Oleh: Abdullah al-Mustofa
Homophobia meningkat di Indonesia. Demikian kesimpulan yang dibuat oleh Ourvoice, salah satu lembaga yang memperjuangkan hak-hak kelompok LGBT di Indonesia. Kesimpulan tersebut berdasarkan perbandingan hasil survei yang dilakukan Lingkar Survei Indonesia (LSI) terhadap responden yang menyatakan tidak nyaman hidup bertetangga dengan “generasi penerus kaum Nabi Luth” yang menunjukkan angka 64,7% pada tahun 2005 dan 80,6% pada tahun 2012.
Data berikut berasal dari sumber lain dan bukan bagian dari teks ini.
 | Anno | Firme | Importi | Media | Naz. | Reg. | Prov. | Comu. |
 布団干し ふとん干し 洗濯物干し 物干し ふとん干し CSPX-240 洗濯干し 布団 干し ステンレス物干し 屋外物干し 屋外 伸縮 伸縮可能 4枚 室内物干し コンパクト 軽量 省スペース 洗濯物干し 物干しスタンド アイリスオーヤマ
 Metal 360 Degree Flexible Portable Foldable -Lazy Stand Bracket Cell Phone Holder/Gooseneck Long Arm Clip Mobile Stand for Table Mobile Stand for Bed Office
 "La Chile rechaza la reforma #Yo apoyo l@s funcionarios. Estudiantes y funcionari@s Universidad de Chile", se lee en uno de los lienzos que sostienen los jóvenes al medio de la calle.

Bicara mengenai homophobia, penulis menemukan fakta menarik yang disajikan oleh sebuah buku yang berjudul “Re-Orienting Western Feminisms Women’s Diversity In Postcolonial Word” (Cambridge: Cambridge University Press, 1998) karya Chilla Bulbeck yang penulis pinjam dari perpustakaan International Islamic University Malaysia (IIUM) Kuala Lumpur. Ternyata bukan Muslim Indonesia saja yang mengalami homophobia. Di bandingkan Timur, Barat baik masyarakat dan pemerintahnya yang lebih bisa mengakui dan menerima perilaku dan pelaku homoseksual, juga mengalami hal yang sama.
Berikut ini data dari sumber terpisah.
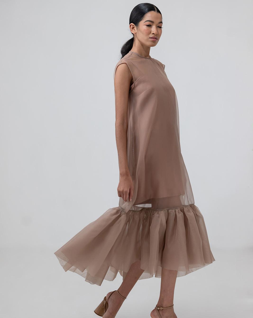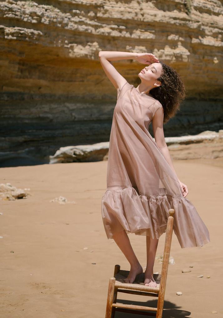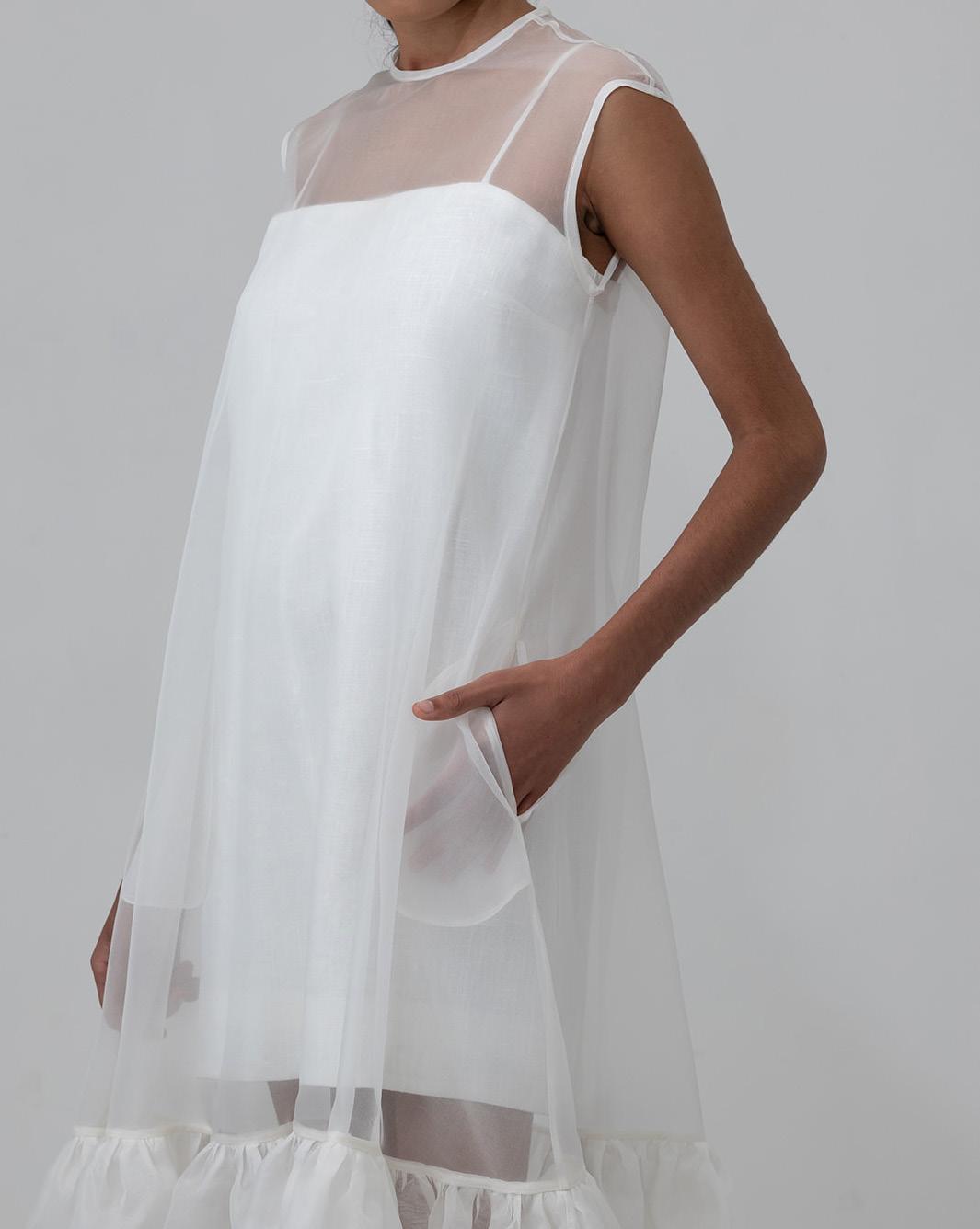 es un vestido tunica con tiros, debajo de un vestido largo recto sin mangas en organza seda; falda arruchada con bolsillos y cierre trasero.
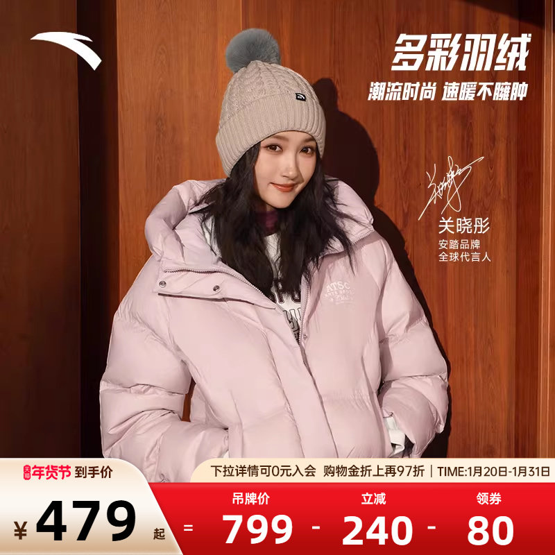 📚 【关晓彤同款】安踏多彩羽绒服女子保暖防泼水羽绒茄克162548903N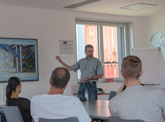 Bevor dann der gesamte Terminal besichtig wurde, gaben noch zwei LTW-Mitarbeiter besonders spannende Einblicke in die Logistikwelt. Jannick, ehemals HTL-Schüler, hat 2020 seine Diplomarbeit über Schwerlast-Regalbediengeräte und Containerhandling bei uns geschrieben. Heute ist Jannick vollwertiger LTW-Mitarbeiter im Bereich Vertrieb und Projektierung und arbeitet eng mit seinem damaligen LTW-Betreuer Rainer an Containerprojekten. Jannick konnte bei der Präsentation exklusive Einblicke in sein Themengebiet liefern. Zusätzlich war es für die Schüler, die nächstes Jahr maturieren werden, spannend zu erfahren, wohin sich die Arbeitslaufbahn eines ehemaligen Schülers entwickeln kann und welche Möglichkeiten LTW dabei bieten kann.

Kenyataan ini mematahkan pernyataan Dede Oetomo, aktivis homoseksual pendiri Gaya Nusantara, salah satu organisasi LGBT di Indonesia, dalam fit and proper test calon komisioner Komnas HAM di Komisi III DPR RI, Selasa (16/10/2012). Dia menegaskan:
“Kita ini meniru homophobia dari Barat, padahal di Barat homophobia sudah selesai.”
Seputar Homophobia
Dengan merujuk kepada beberapa sumber, laman Wikipedia mendefinisikan homophobia sebagai berikut:
“Homophobia is a range of negative attitudes and feelings toward homosexuality or people who are identified or perceived as being lesbian, gay, bisexual or transgender (LGBT).”
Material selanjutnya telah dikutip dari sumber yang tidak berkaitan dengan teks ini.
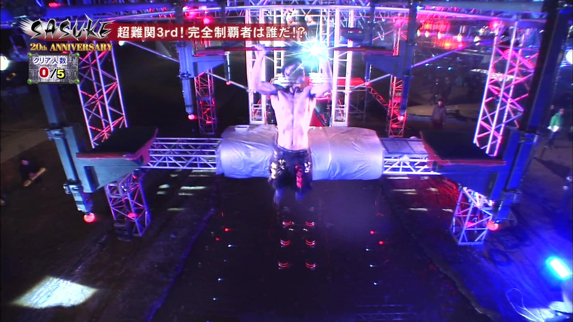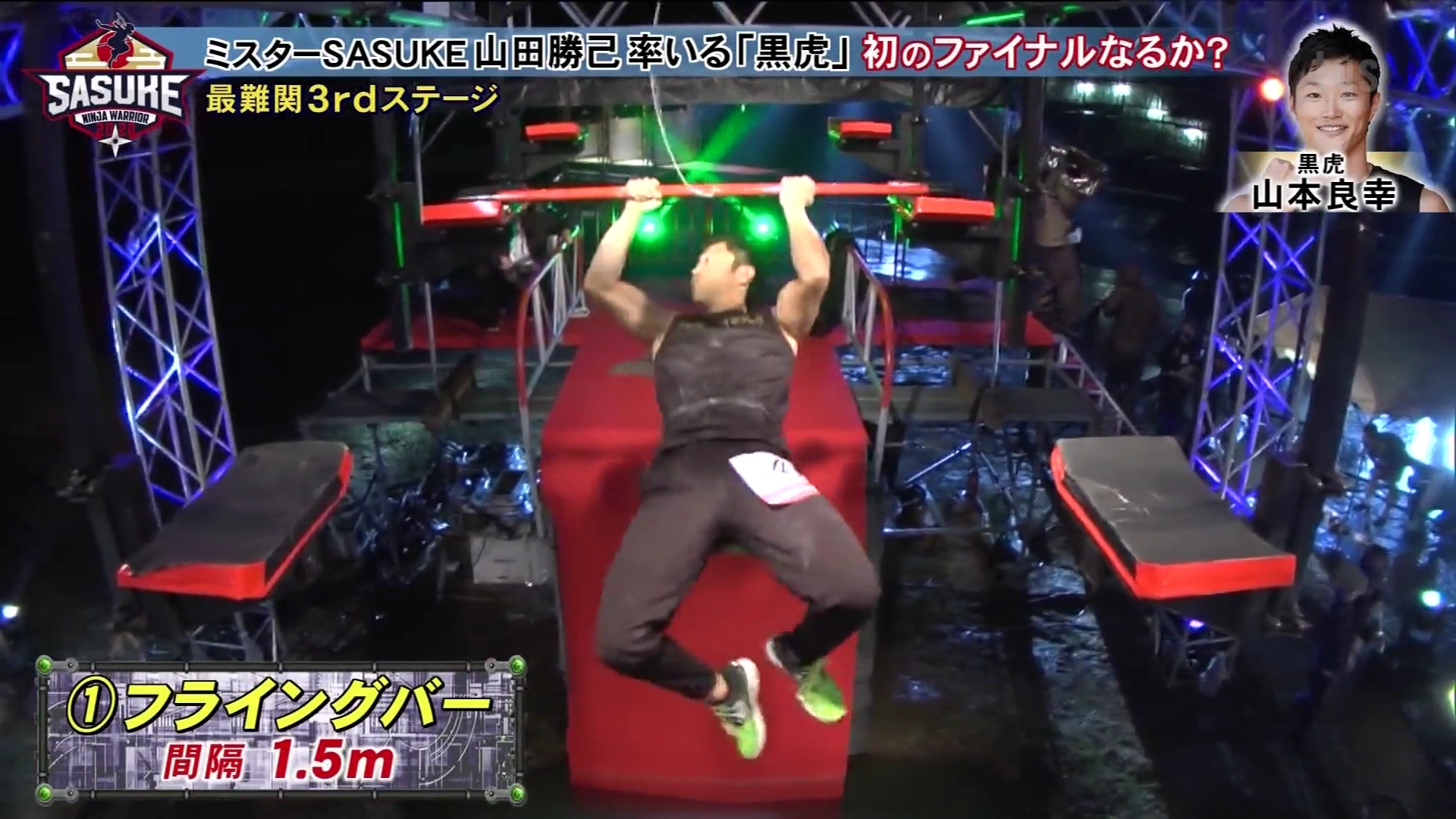 Flying Bar being tested in SASUKE 25's opening.

(Homophobia adalah berbagai sikap dan perasaan negatif terhadap homoseksualitas atau orang-orang yang diidentifikasi atau dianggap sebagai lesbian, gay, biseksual atau transgender (LGBT).
Informasi detil tentang homophobia bisa merujuk pada halaman web berikut:http://en.wikipedia.
Homophobia Dalam Masyarakat Barat Modern
Chilla Bulbeck, professor di jurusan Women’s Studies di University of Adelaide dalam bukunya tersebut dalam sub bab Homosexual Acts and Homosexual Lives (hal. 149) dengan mengutip dari buku “Epistemology of the Closet” (Berkeley and Los Angeles: University of California Press, 1990) karya Eve Kosofsky Sedgwick menyatakan meskipun masyarakat Barat memiliki subkultur homoseksual, mereka juga memiliki homophobia yang kuat dan sikap-sikap yang kontradiksi bagi ekspreksi identitas gay.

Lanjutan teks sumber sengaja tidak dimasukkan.